Although both corrective advertising and affirmative disclosures are forms of fencing-in relief that are well within the Commission's remedial authority, the standard for imposing corrective advertising is significantly more stringent than that for an affirmative disclosure. In imposing corrective advertising, the Commission normally relies on extrinsic evidence of the existence of lingering false beliefs created by past advertising. In certain cases, however, it may be possible to presume the existence of such false beliefs based on the nature and extent of the advertising campaign. Warner-Lambert, 562 F.2d at 762-63.(4) An affirmative disclosure remedy, on the other hand, requires only that the disclosure be "reasonably related" to the alleged violations. In my view, it is important to distinguish between corrective advertising and affirmative disclosures because the Commission should not evade the more demanding standard for corrective advertising where it is clearly applicable.

There appears to be little basis for Part V.A. of the order when it is viewed as corrective advertising. There is no direct evidence that CSI's ads and sales materials created or contributed to a lingering false impression that UVR exposure through sunlight and tanning has the health and safety benefits represented by the company. Moreover, I am not persuaded that it would be appropriate to presume that the company's message -- that UVR exposure is beneficial -- would endure in light of pervasive messages to the contrary.

By issuing this consent order against CSI, the Commission comes perilously close to lowering its standard for imposing corrective advertising by erasing the already blurred dividing line between that form of fencing-in relief and affirmative disclosures. Such a change is one that I cannot endorse.


1. Part V.A. requires CSI to include the following statement in any advertising and promotional materials disseminated directly to consumers or through purchasers for resale (except television advertising, billboards and advertising in magazines sold only by subscription for which half or more of the readership is comprised of tanning or beauty salon professionals): "CAUTION: Tanning in sunlight or under tanning lamps can cause skin cancer and premature aging -- even if you don't burn." This disclosure is applicable to all of respondent's products that contain a sunscreen ingredient providing a sun protection factor (SPF) of less than 2 and must be made until CSI spends $1.5 million on dissemination. If CSI does not expend this amount within 2½ years after the service of the order, the untriggered disclosure then becomes applicable to all forms of advertising until the required amount is spent.

2. It is difficult to draw bright lines between these possible forms of fencing-in relief, and I am not suggesting that the Commission forgo ordering affirmative disclosures in all circumstances in which the disclosures, while targeted primarily at the prevention of deception from future claims, may also incidentally affect a possible lingering public misimpression created by past advertising. This situation is not the case presented here.
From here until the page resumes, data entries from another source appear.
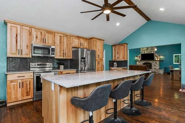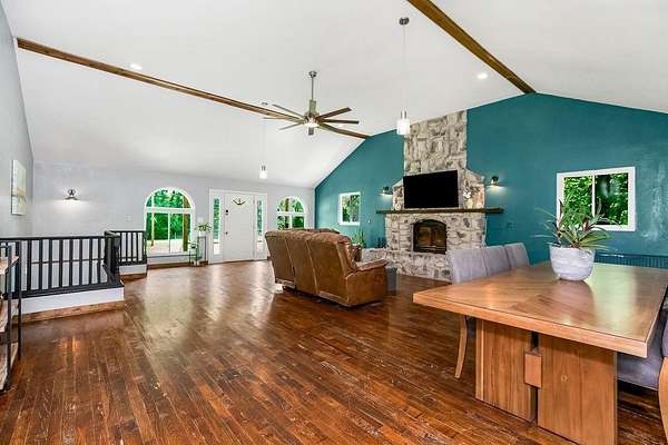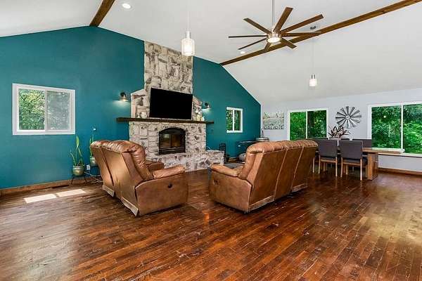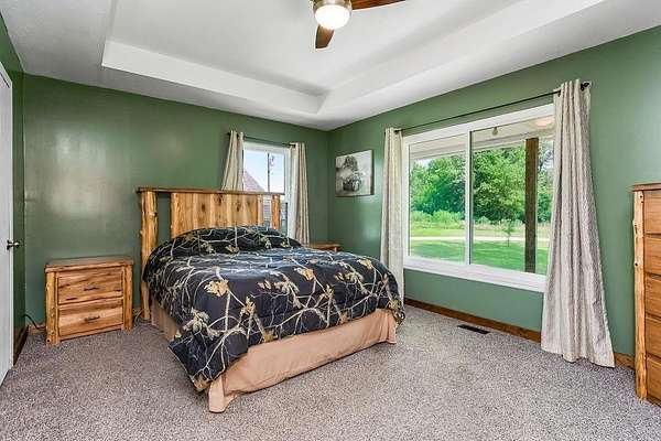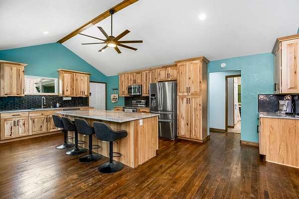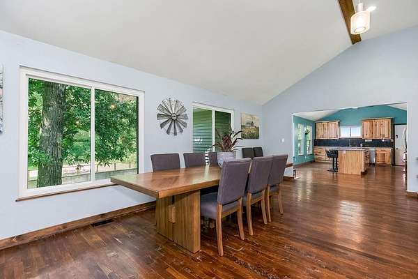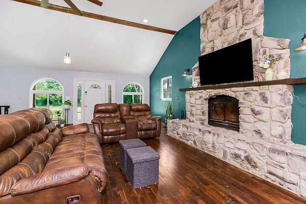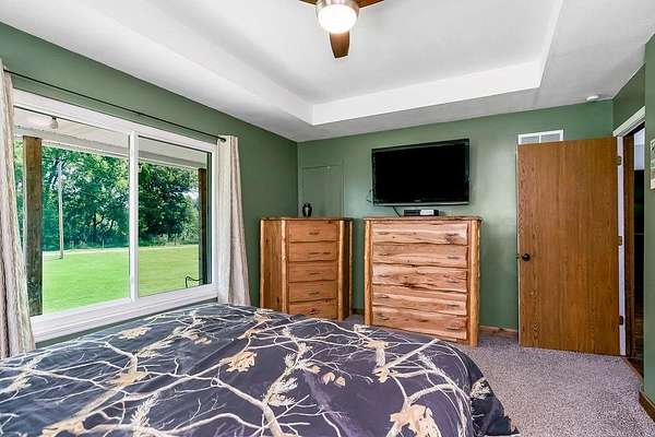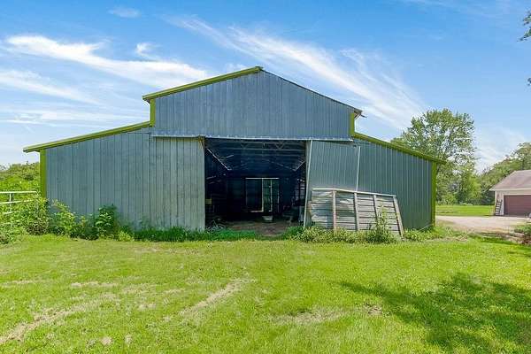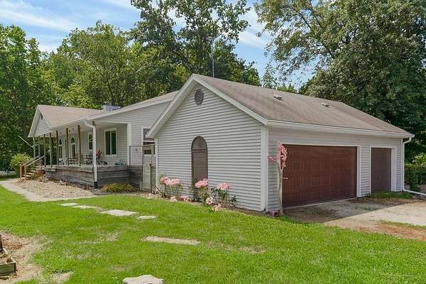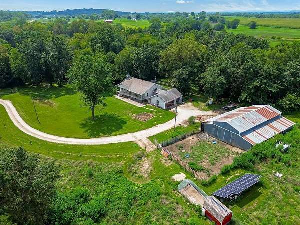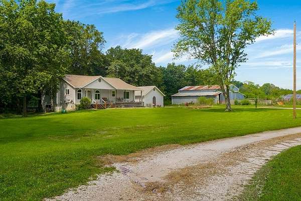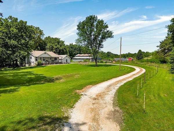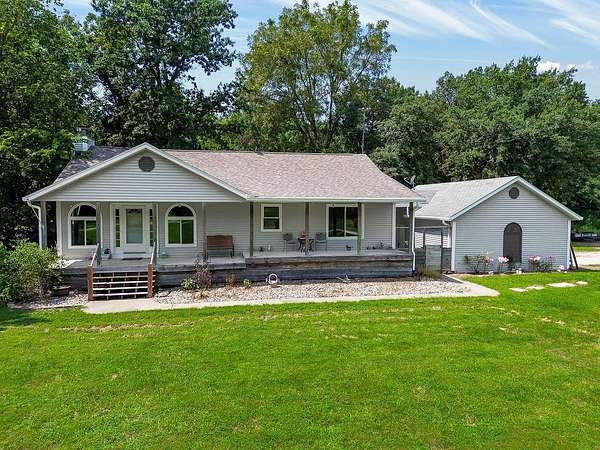 Set on 21 picturesque acres with a private pond, this 3-bedroom, 2-bathroom home (plus a 4th non-conforming bedroom) blends modern updates with timeless country charm. The main-level master suite features a tray ceiling, while the vaulted living room showcases wood accents, a stone fireplace, and expansive windows that flood the space with natural light. Gorgeous hardwood floors flow into the updated kitchen, complete with abundant storage, stainless steel appliances, an island, and a walk-in pantry. Energy efficiency shines here with 18 solar panels keeping the electric bill around $7/month, a brand-new furnace, new windows throughout, K-Guard gutters, and a whole-house generator for peace of mind. The walkout basement offers stylish sliding barn doors, plenty of sunlight, and direct access to the shady patio. Enjoy the breezeway connection to the oversized 3-car garage, a rebuilt chicken coop, and a deck that partially wraps around the home--perfect for soaking in the serene views. Whether you dream of being a hobby farmer, keeping animals, or simply enjoying wide-open spaces, this property offers privacy, functionality, and a touch of self-sustainability, all just a short drive to town.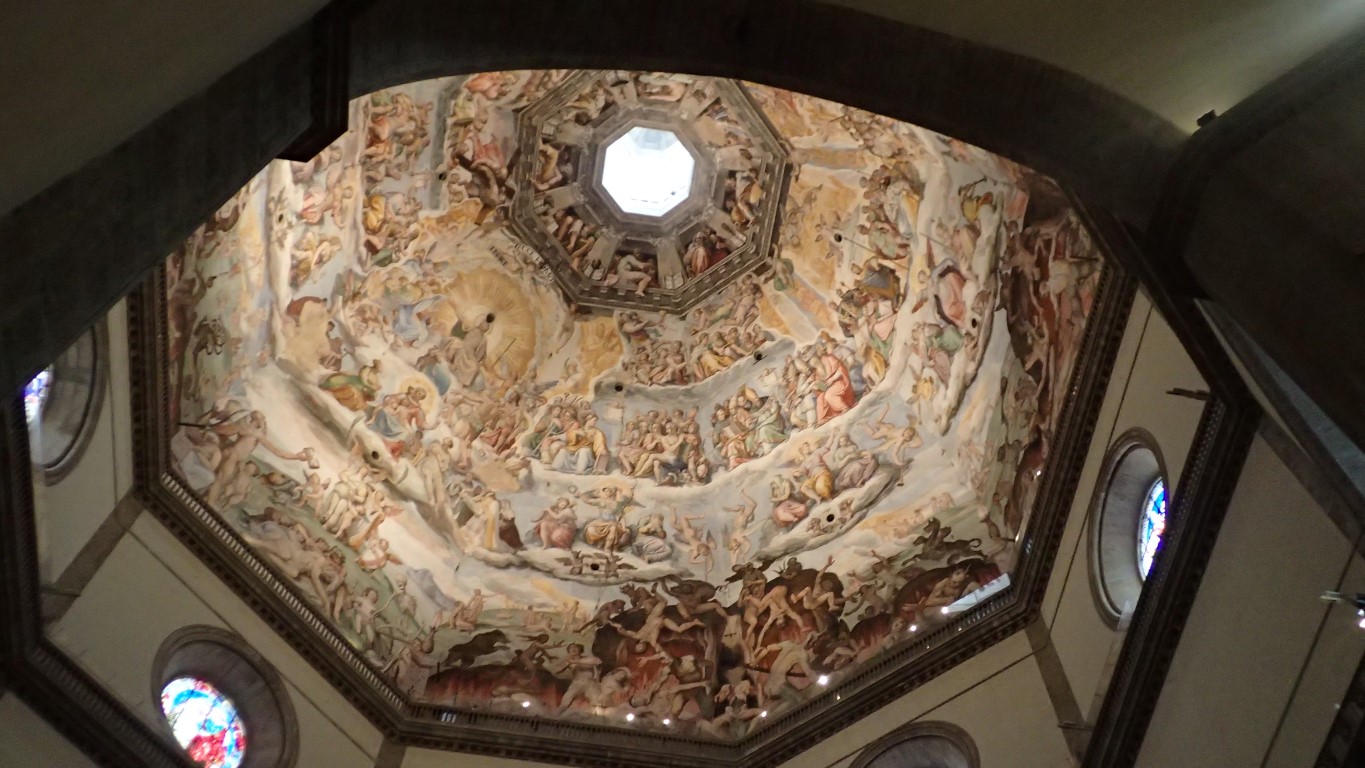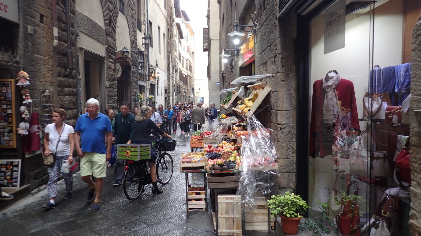 So we did what we do best … we walked as much as we could. Parked along the river not far from the Ponte Vecchio, walked across the bridge and went to gaze at the replica David standing outside the Palazzo Vecchio and to sneak a peek at the Fountain of Neptune which is being renovated and currently behind boards and shadecloth. Wandered along lanes and streets to the Cattedrale di Santa Maria del Fiore Florence Cathedral. We queued to go inside and Greg got stopped at the entrance because his shorts were too short (!!), but then the guard just motioned for him to lower them a bit and let him in. Then to the Basilica San Lorenzo, a few other piazzas (or is that piazzi?), back over another bridge, crossing the road whilst dodging a motorcyclist who was far too busy looking over his shoulder to look where he was going and see us, down a few more lanes and streets, back to the car and back to Greve.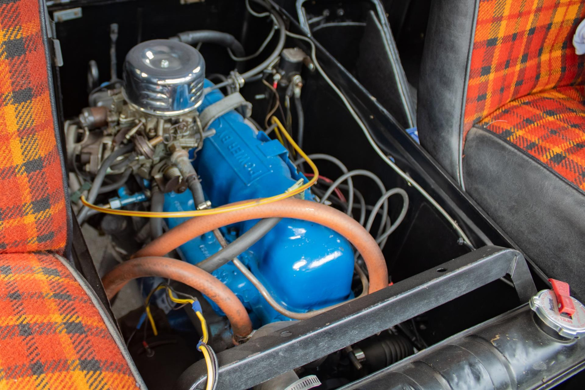 Im Innenraum finden wir eine originelle, aber einzigartige Ausstattung mit Tartan-Polstern in Orange, Rot und Schwarz - eine Anspielung auf die 1960er Jahre, aber mit einem frischen, individuellen Touch. Alles ist sehr gepflegt und funktionell.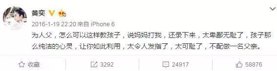 2016年初,关于黄奕虐待女儿的传闻,黄奕明确回应:孩子那么纯洁的心灵,让你如此利用,太令人发指了,太可耻了,不配做一名父亲。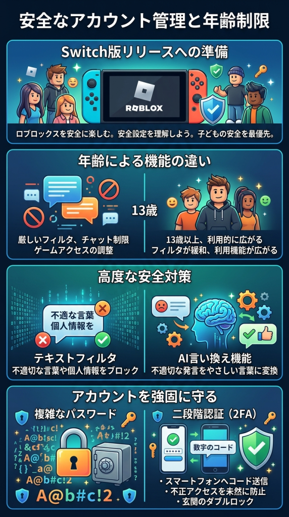 将来的にロブロックス switch版がリリースされた際、スムーズにプレイを始めるためには、今からアカウントの仕組みや安全設定について理解を深めておくことが大切です。このプラットフォームは、すべての年齢層が楽しめる空間を目指しており、特に子供たちの安全を守るための厳格なシステムが導入されています。例えば、アカウントを作成する際に入力する生年月日は、利用できる機能を決定する重要な要素となります。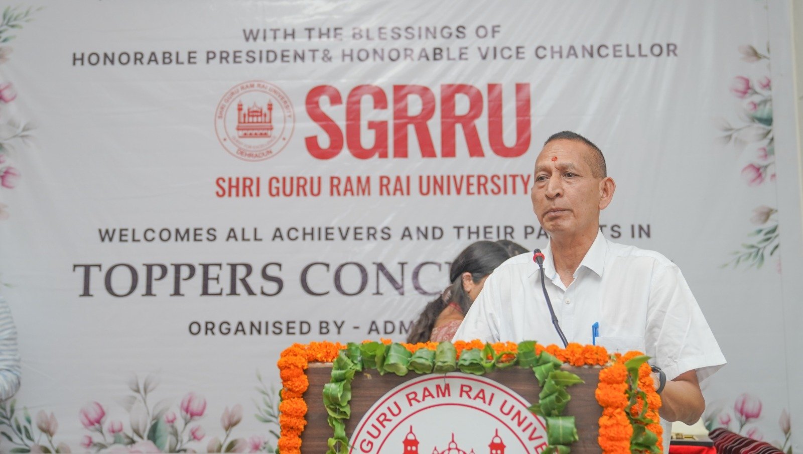 देहरादून।  एसजीआरआरयू के द्वारा रविवार को टाॅपर्स काॅन्क्लेव का आयोजन किया गया। श्री गुरु राम राय विश्वविद्यालय (एसजीआरआरयू) ने बारहवीं के परीक्षा परिणामों में उत्कृष्ट प्रदर्शन करने वाले 100 से अधिक होनहार छात्र-छात्राओं को सम्मानित कर उनकी हौंसलाफजाई की। अपने अभिभावकों के साथ आए छात्र-छात्राओं ने सम्मान मिलने के बाद गर्व से अनुभव सांझा किए। एसजीआरआर एजुकेशन मिशन के स्कूलों की विभिन्न शाखाओं, केन्द्रीय विद्यालय व अन्य स्कूलों से टाॅपर्स अपने अभिभावकों के साथ काॅन्क्लेव में पहुंचे। श्री गुरु राम राय एजुकेशन मिशन के चेयरमैन श्रीमहंत देवेन्द्र दास जी महाराज ने सभी टाॅपर्स को शुभकामनाएं प्रेषित कीं।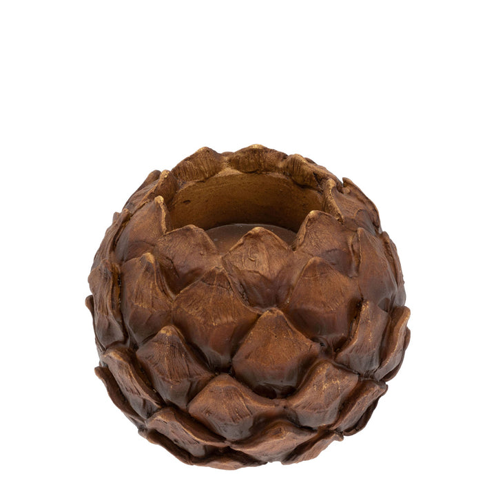 Cast in durable resin to capture the layered scales of a natural pinecone, this short tealight holder brings organic texture to any tabletop. Light it to let a soft, flickering glow play across the sculpted form, adding warm woodland charm to everyday settings. Approximate dimensions are 3.75 x 3.75 x 3.25 inches.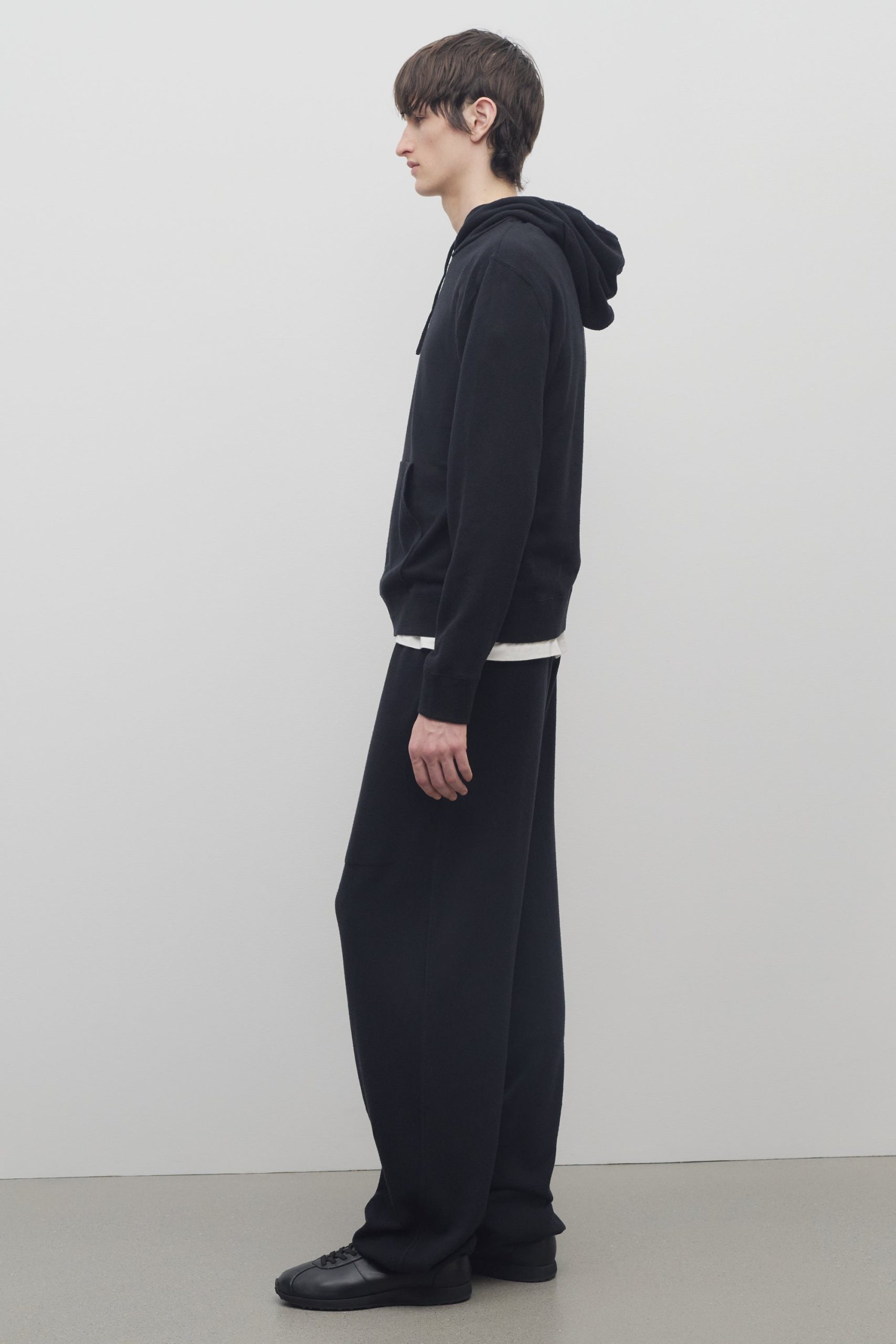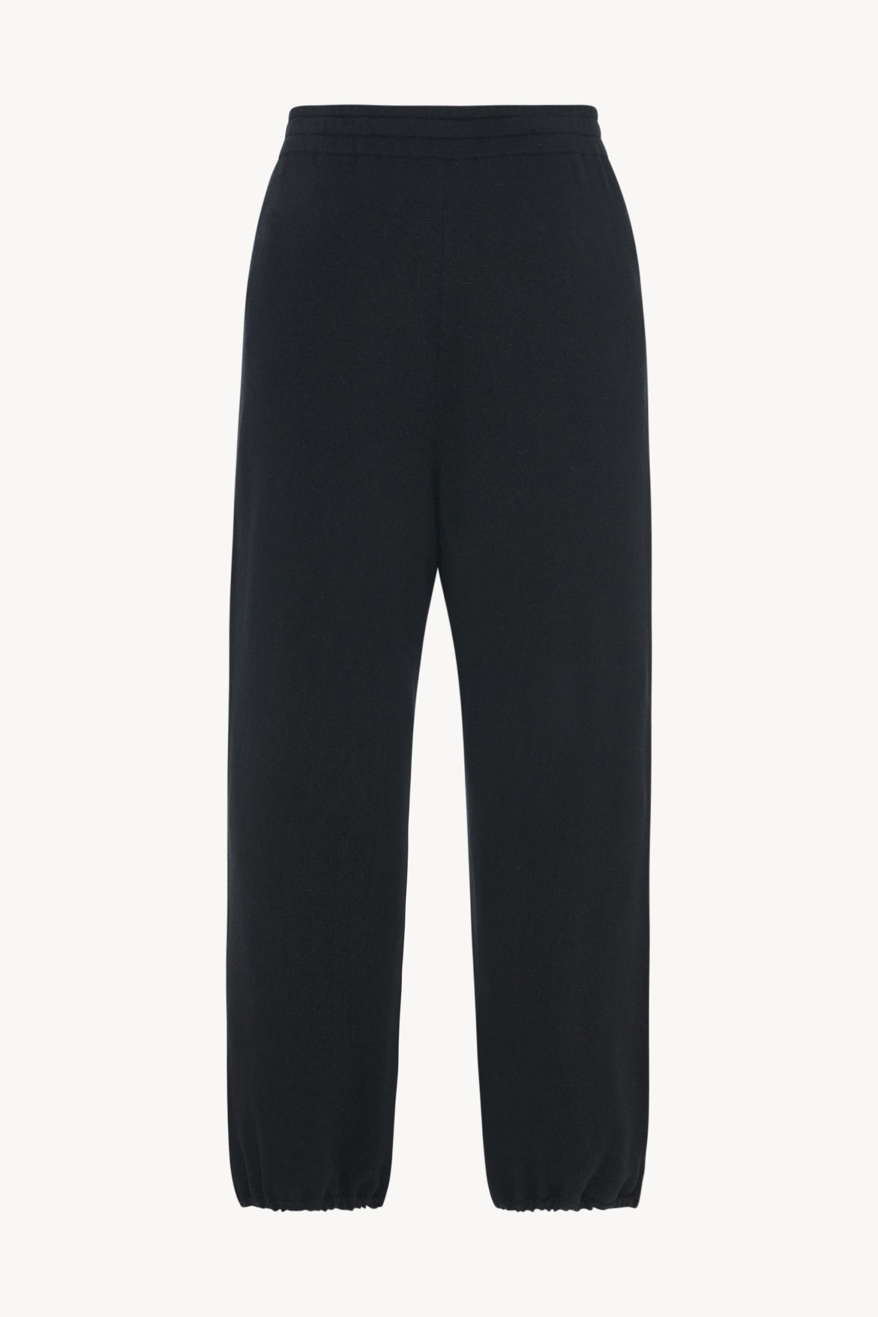 Mid-rise jogger pant in stonewashed silk jersey with straight leg. side seam pockets. and gathered elastic cuffs and waistband.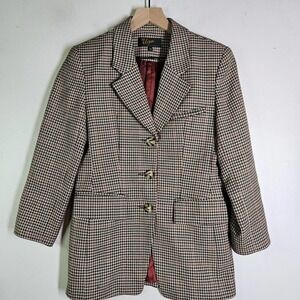 Vintage Ugo Collection Houndstooth Blazer Women's 36 4 Tan Button Front Jacket

3. In addition to prohibiting misrepresentations about the effects of UVR exposure and tanning and unsubstantiated claims about the performance, safety, benefits, or efficacy of products or services used in connection with tanning, the consent order requires two additional affirmative disclosures (Parts V.B. and V.C.) that are triggered by claims about the safety or health benefits of exposure to sunlight or indoor UVR. The language of these triggered disclosures is similar to that of the untriggered disclosure. The triggered disclosures apply to labeling and packaging --forms of advertising exempted from the untriggered disclosure -- and, after the untriggered disclosure requirement runs out, to all other advertising and promotional material. The order (Part VI) also requires CSI to send a letter to distributors and retailers of the company's tanning products that describes the Commission's enforcement action and advises them to stop using ads and promotional materials that contain any of the representations prohibited by the order or face losing CSI's business.

4. See, e.g., Eggland's Best, Inc., Docket No. C-3520 (Aug. 15, 1994) (Statement of Roscoe B. Starek, III).